Sequence of the N–terminal domain in WT hERG1 channels is shown in panel A. Mutant constructs were designed to examine the effect of removing the unstructured tail (Δ2–9) or the entire N–terminal domain (Δ2–25), or the effect of disrupting the N–terminal α–helix (GGS) by replacing residues L15 and T17–E23 with P_GGSGGSG as shown in red. (B) Typical rates of deactivation observed in tail currents recorded at −120 mV following a step to +40 mV. To aid comparison current traces were normalized to peak tail current. Constructs Δ2–9 (blue), Δ2–25 (green) and GGS (red) all produced channels with faster deactivation rates than WT hERG (black). (C and D) Mean ± SEM for deactivation rates recorded over a range of voltages from −50 mV to −160 mV. Current decay associated with channel deactivation was best fitted to two exponentials, generating τfast (C) and τslow (D) for WT (open circles, n = 11), Δ2–9 (blue squares, n = 14), Δ2–25 (green triangles, n = 5) and GGS (red inverted triangles, n = 10) channels.
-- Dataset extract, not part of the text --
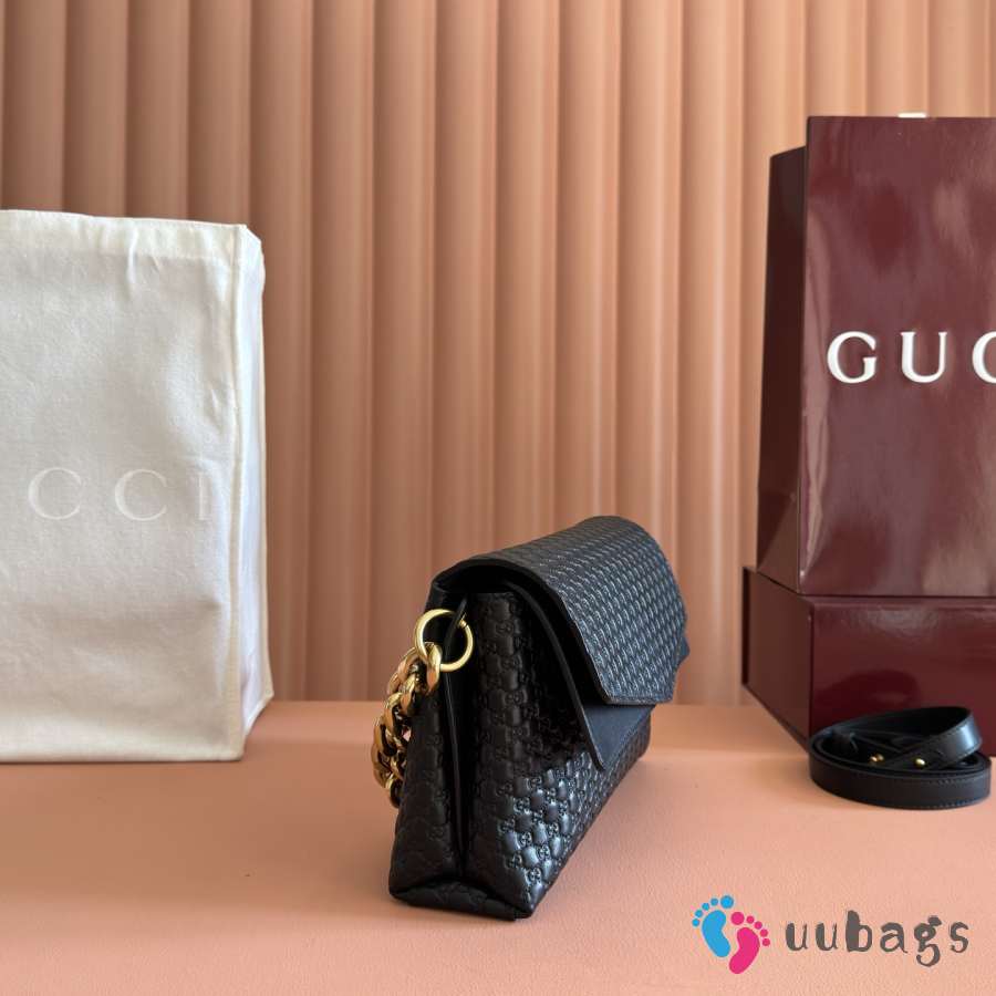 Uubags Gucci medium shoulder bag with chain black GG leather 28x16x7cm

All mutant channels enhanced the rates of both the fast and slow components of deactivation over the entire voltage range.
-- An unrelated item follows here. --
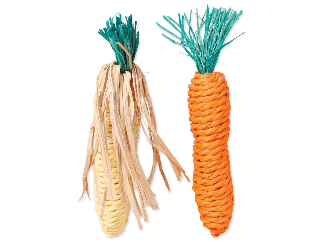 Hračka pro králíky a drobné hlodavce slaměná mrkev a kukuřice.

https://doi.org/10.1371/journal.pone.0016191.g003

There were small, but statistically significant, differences in the rates of deactivation between Δ2–25, Δ2–9 and GGSmut channels; e.g., at −120 mV the time constant for the fast component of deactivation was 11.4±0.3 ms (n = 14, for Δ2–9), 8.7±0.3 ms (n = 5, for Δ2–25) and 7.5±0.2 ms (n = 10, for GGS mut) compared to 33.7±1.0 ms (n = 11, for WT hERG channels).
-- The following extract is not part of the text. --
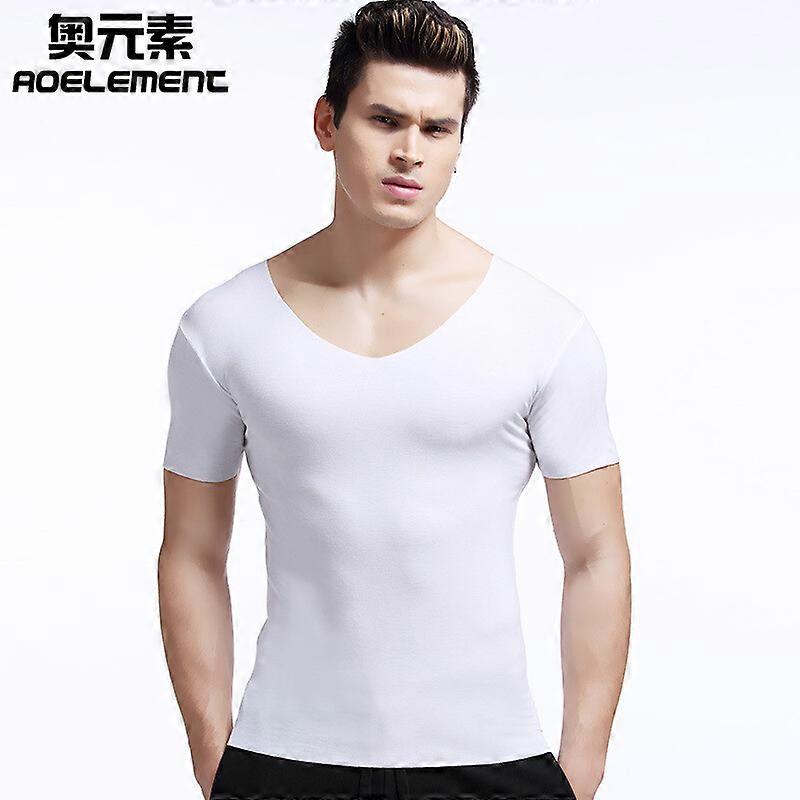 Men‘s Undershirts Ultra Thin T-Shirt Top Tee Short Sleeve V-Neck Elastic Jerseys

When comparing the rates of deactivation for WT and mutant channels at a single voltage, it is important to consider that changes to steady–state activation can affect the electrochemical potential for deactivation. Steady–state activation properties were determined by fitting, with a single Boltzmann expression (Equation 1), the I–V relationship of peak tail currents at −70 mV plotted against the preceding voltage step (Fig. 4). The resulting half–maximal voltage for activation (V0.5) of Δ2–9 channels (−5.6±0.9 mV, n = 14) was shifted in the depolarizing direction compared to WT hERG (−23.2±0.8 mV, n = 11, ANOVA p<0.05), without any change in slope. A small but statistically significant shift in activation V0.5 was also observed for GGSmut (−18.5±0.6 mV, n = 10) channels, while Δ2–25 channels were similar to WT hERG (Fig. 4A). The chemical (ΔG0) and electrostatic (–zgEF) potential that drives activation was calculated by fitting the activation data with a Boltzmann function in the form of Equation 2 (data summarized in Table S1). Since changes in ΔG0 parallel changes in activation V0.5, Δ2–9 channels had a significantly smaller chemical potential for activation (–1.9±0.3 kJ mol–1) than WT hERG (−6.8±0.2 kJ mol−1, ANOVA p<0.05). To compensate for changes in electrochemical driving force, the rates of deactivation calculated at voltages between −50 mV to −160 mV were plotted against the electrochemical potential for deactivation (Fig. 4B). After correction, Δ2–9, Δ2–25 and GGSmut channels all had enhanced rates of deactivation compared with WT hERG (ANOVA p<0.05). Thus, alterations to the electrochemical driving force for deactivation could not explain the enhanced deactivation rates seen with these mutant channels.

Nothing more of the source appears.